Recorded information:
────────────────────

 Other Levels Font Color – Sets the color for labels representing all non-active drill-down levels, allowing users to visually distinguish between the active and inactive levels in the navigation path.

────────────────────

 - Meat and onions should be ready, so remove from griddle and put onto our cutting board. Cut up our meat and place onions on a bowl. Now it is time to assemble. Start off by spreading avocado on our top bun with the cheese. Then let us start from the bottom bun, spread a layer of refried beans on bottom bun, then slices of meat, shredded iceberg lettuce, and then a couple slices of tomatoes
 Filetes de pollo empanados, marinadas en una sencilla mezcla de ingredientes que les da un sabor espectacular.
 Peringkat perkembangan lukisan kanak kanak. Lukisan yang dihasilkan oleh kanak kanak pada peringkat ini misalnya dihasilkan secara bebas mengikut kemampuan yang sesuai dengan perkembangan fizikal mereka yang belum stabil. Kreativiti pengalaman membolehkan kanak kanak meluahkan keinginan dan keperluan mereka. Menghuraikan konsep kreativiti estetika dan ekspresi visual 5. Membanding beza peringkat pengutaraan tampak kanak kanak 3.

────────────────────

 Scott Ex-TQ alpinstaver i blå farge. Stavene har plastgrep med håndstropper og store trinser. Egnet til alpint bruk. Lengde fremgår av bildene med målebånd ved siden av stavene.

────────────────────

Exercise: Retype the portion of the data above that starts on the line with "- Meat and onions" and finishes on the line with "Peringkat perkembangan lukisan", including both of those lines.

Task result:
 - Meat and onions should be ready, so remove from griddle and put onto our cutting board. Cut up our meat and place onions on a bowl. Now it is time to assemble. Start off by spreading avocado on our top bun with the cheese. Then let us start from the bottom bun, spread a layer of refried beans on bottom bun, then slices of meat, shredded iceberg lettuce, and then a couple slices of tomatoes
 Filetes de pollo empanados, marinadas en una sencilla mezcla de ingredientes que les da un sabor espectacular.
 Peringkat perkembangan lukisan kanak kanak. Lukisan yang dihasilkan oleh kanak kanak pada peringkat ini misalnya dihasilkan secara bebas mengikut kemampuan yang sesuai dengan perkembangan fizikal mereka yang belum stabil. Kreativiti pengalaman membolehkan kanak kanak meluahkan keinginan dan keperluan mereka. Menghuraikan konsep kreativiti estetika dan ekspresi visual 5. Membanding beza peringkat pengutaraan tampak kanak kanak 3.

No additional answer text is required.